→ **What you need to do**
All that is needed is the run of lines from the top of the entries to the line with "черный поверхность матовая", that line included, repeated exactly and free of pictures.

━━━━━━━━━━━━━━━━

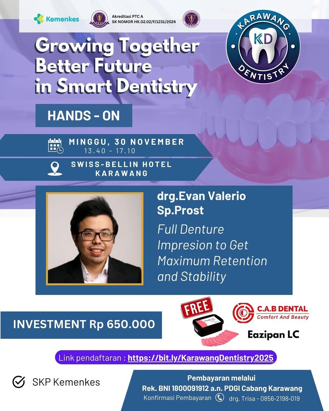 Dokter Gigi di Kabupaten Karawang khususnya secara sadar dan akan terus meningkatkan kemampuan dan mutu layanan kesehatannya dengan mengikuti pendidikan atau pelatihan kedokteran gigi yang berkelanjutan dalam rangka memahami perkembangan ilmu pengetahuan dan teknologi kedokteran gigi yang sesuai dengan standar pendidikan profesi. PDGI Kabupaten Karawang sebagai organisasi profesi yang menaungi seluruh Dokter Gigi di wilayah Kabupaten Karawang bermaksud menyelenggarakan suatu kegiatan Seminar Ilmiah Kegiatan ini dikemas dengan konsep acara Seminar Ilmiah dan Workshop untuk memfasilitasi kebutuhan Dokter Gigi akan perkembangan ilmu pengetahuan secara cepat.
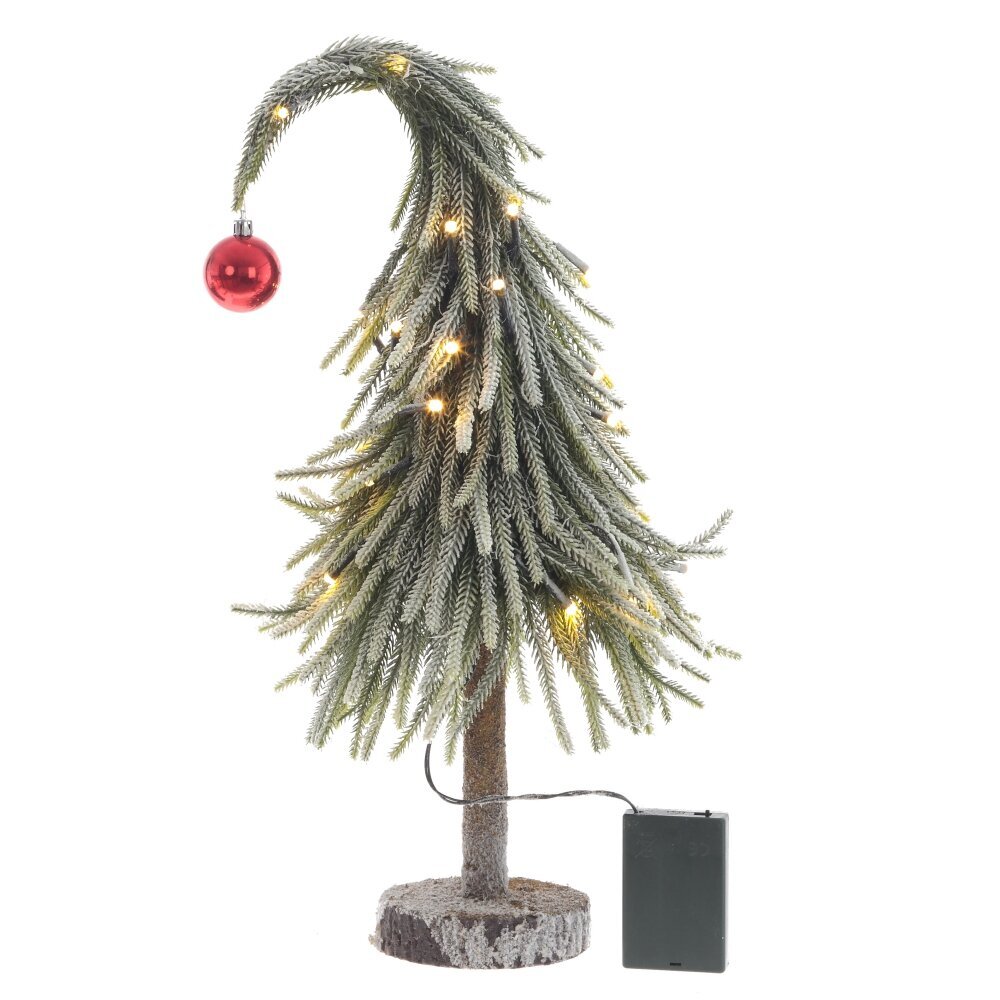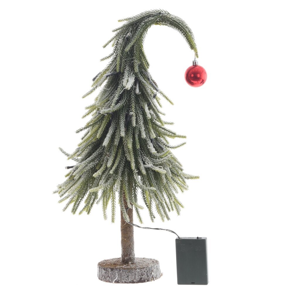 Декоративная елка с подсветкой станет ярким акцентом вашего новогоднего интерьера. Установленная на натуральном спиле, она создает уютную и естественную атмосферу. Искусственные ветки украшены гирляндой, излучающей теплый свет, придавая комнате волшебство зимних праздников. Работает от трех батареек типа AA, которые не входят в комплект. Верхушка елки загнута в форме колпака, с нее свисает яркий красный шарик, добавляя оригинальности. Это стильное решение идеально подходит для создания праздничного настроения в вашем доме или офисе, а также станет замечательным подарком для близких.
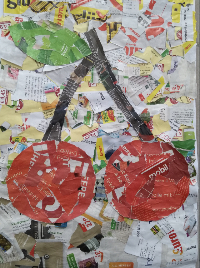 Im häuslichen Kunstunterricht von Dana Wurth erstellten die Schülerinnen und Schüler der G5a Obst-Collagen und Zeitungstitelseiten. Hier sehen Sie die Arbeiten von Helena Marschinke, Eva Kölblin, Emily Reihmann und Josefine Jäger.
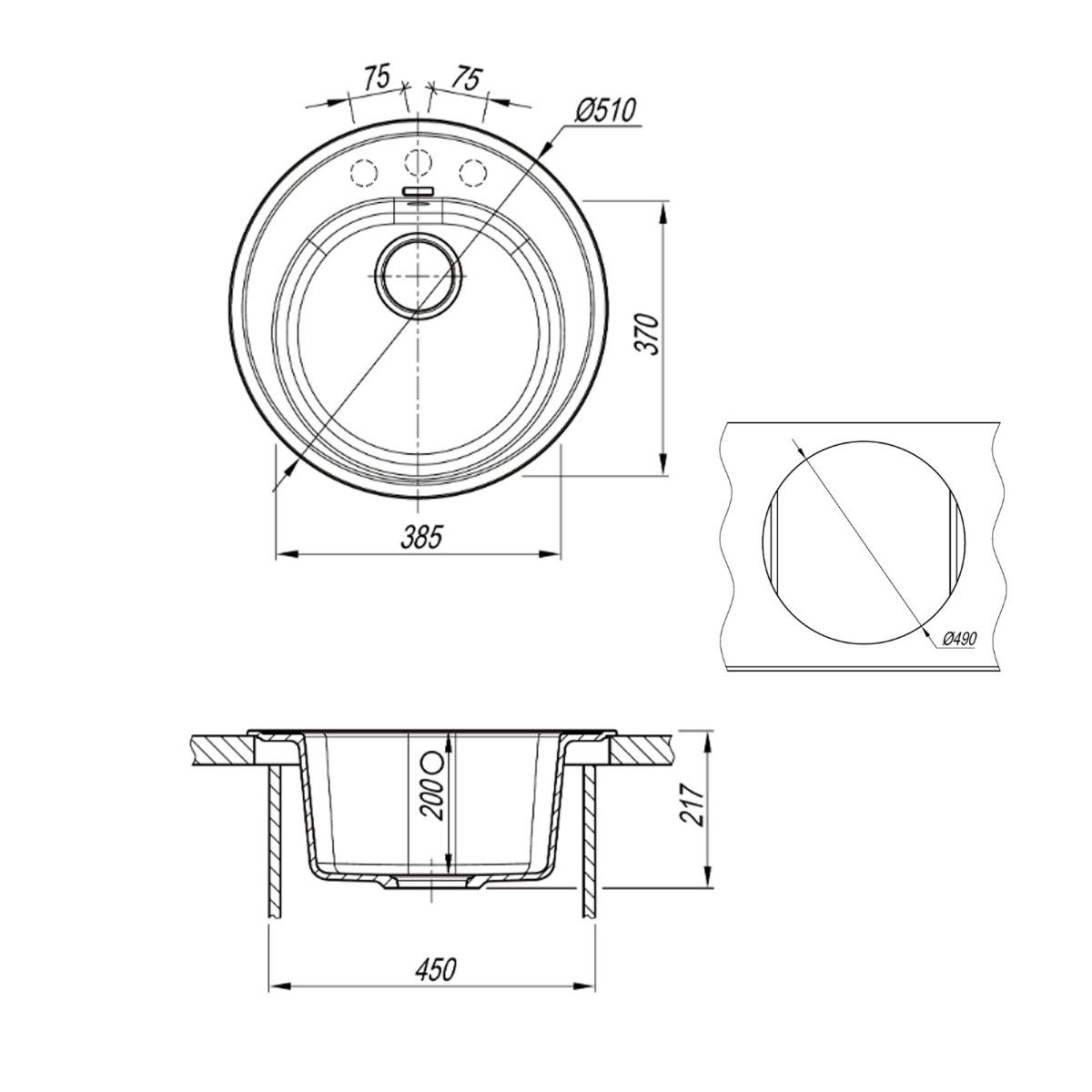 —Кухонная мойка Uperwood Quartz Premium UPD-01 3910202103 50х50 цвет черный поверхность матовая
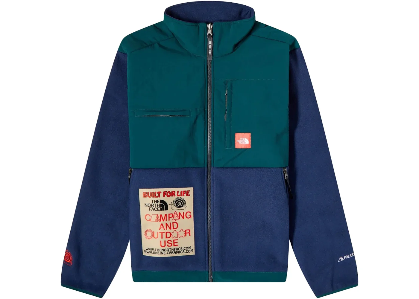 The North Face x Online Ceramics 1995 Polartec Denali Summit Navy/Green is a relaxed fit, hip-length jacket with a water-repellent overlay in Green over soft, 100% recycled Polartec fleece in Summit Navy. There are two front chest pockets with zippers. The North Face and Online Ceramics branding appears on the left chest, sleeves, and collar and as a large patch on the lower right front. The North Face has celebrated camping since its founding in 1966. Online Ceramics is a Los Angeles-based brand whose graphic tees celebrate eco-friendly activities. With the 1995 Polartec Denali jacket, the two brands collaborated to channel the spirit of the camping legacy with outdoor products that blend The North Face’s performance gear with Online Ceramics’ creative direction. Our experts feel that the best feature of The North Face x Online Ceramics 1995 Polartec Denali Summit Navy/Green is the expressive, collaborative branding. The North Face x Online Ceramics 1995 Polartec Denali Summit Navy/Green was released on June 23, 2023, and retailed at $289. - Season SS23 - Color Summit Navy/Green - Release Date 2023-06-23 - Retail Price 289 - Featured false - Uploaded By LL
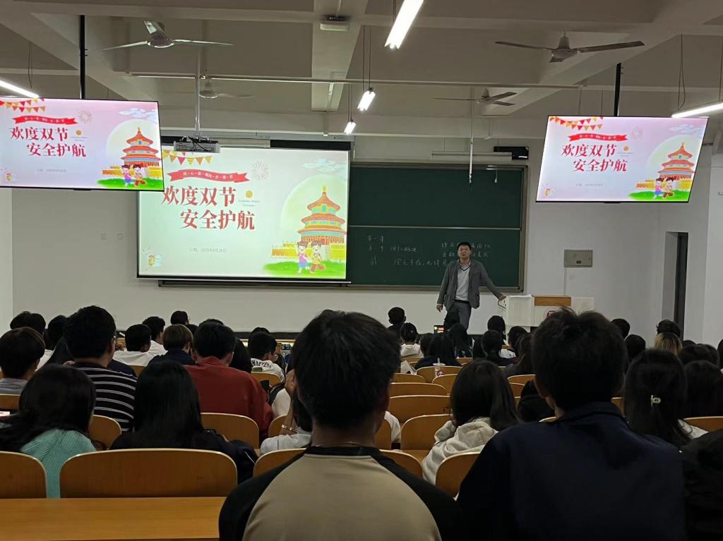 2022级辅导员贺老师提到此次安全教育主题大会是以即将到来的国庆节假期为契机,为大家科普如何在假期与日常生活中保障个人与他人的生命安全以及财产安全。此次大会包含了假期安全、交通安全、线上线下防诈安全、食品安全以及用电防火安全五大方面的安全知识。
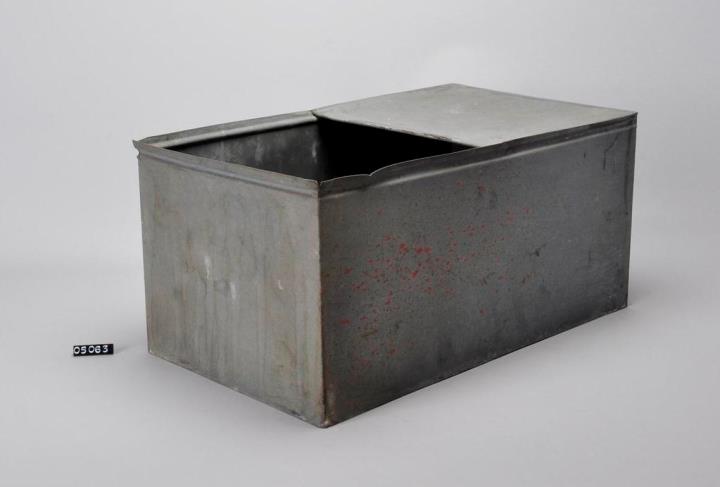 Rechteckiger, grauer Einsatz aus dünnerem Blech. Seitenteile aus einem Stück und leicht überlappend gelötet, Boden angelötet. Oberseite hälftig mit angelötetem Deckel. Der zur Hälte angelötete Scharnierdeckel ist abgebrochen und verloren gegangen. Die Lötreste davon sind sichtbar. Oberkante mit Falz zur Verstärkung. Höchstwahrscheinlich mit der Einrichtung aus dem Jahre 1912 angekauft.

━━━━━━━━━━━━━━━━

→ **Result**
 Dokter Gigi di Kabupaten Karawang khususnya secara sadar dan akan terus meningkatkan kemampuan dan mutu layanan kesehatannya dengan mengikuti pendidikan atau pelatihan kedokteran gigi yang berkelanjutan dalam rangka memahami perkembangan ilmu pengetahuan dan teknologi kedokteran gigi yang sesuai dengan standar pendidikan profesi. PDGI Kabupaten Karawang sebagai organisasi profesi yang menaungi seluruh Dokter Gigi di wilayah Kabupaten Karawang bermaksud menyelenggarakan suatu kegiatan Seminar Ilmiah Kegiatan ini dikemas dengan konsep acara Seminar Ilmiah dan Workshop untuk memfasilitasi kebutuhan Dokter Gigi akan perkembangan ilmu pengetahuan secara cepat.
 Декоративная елка с подсветкой станет ярким акцентом вашего новогоднего интерьера. Установленная на натуральном спиле, она создает уютную и естественную атмосферу. Искусственные ветки украшены гирляндой, излучающей теплый свет, придавая комнате волшебство зимних праздников. Работает от трех батареек типа AA, которые не входят в комплект. Верхушка елки загнута в форме колпака, с нее свисает яркий красный шарик, добавляя оригинальности. Это стильное решение идеально подходит для создания праздничного настроения в вашем доме или офисе, а также станет замечательным подарком для близких.
 Im häuslichen Kunstunterricht von Dana Wurth erstellten die Schülerinnen und Schüler der G5a Obst-Collagen und Zeitungstitelseiten. Hier sehen Sie die Arbeiten von Helena Marschinke, Eva Kölblin, Emily Reihmann und Josefine Jäger.
 —Кухонная мойка Uperwood Quartz Premium UPD-01 3910202103 50х50 цвет черный поверхность матовая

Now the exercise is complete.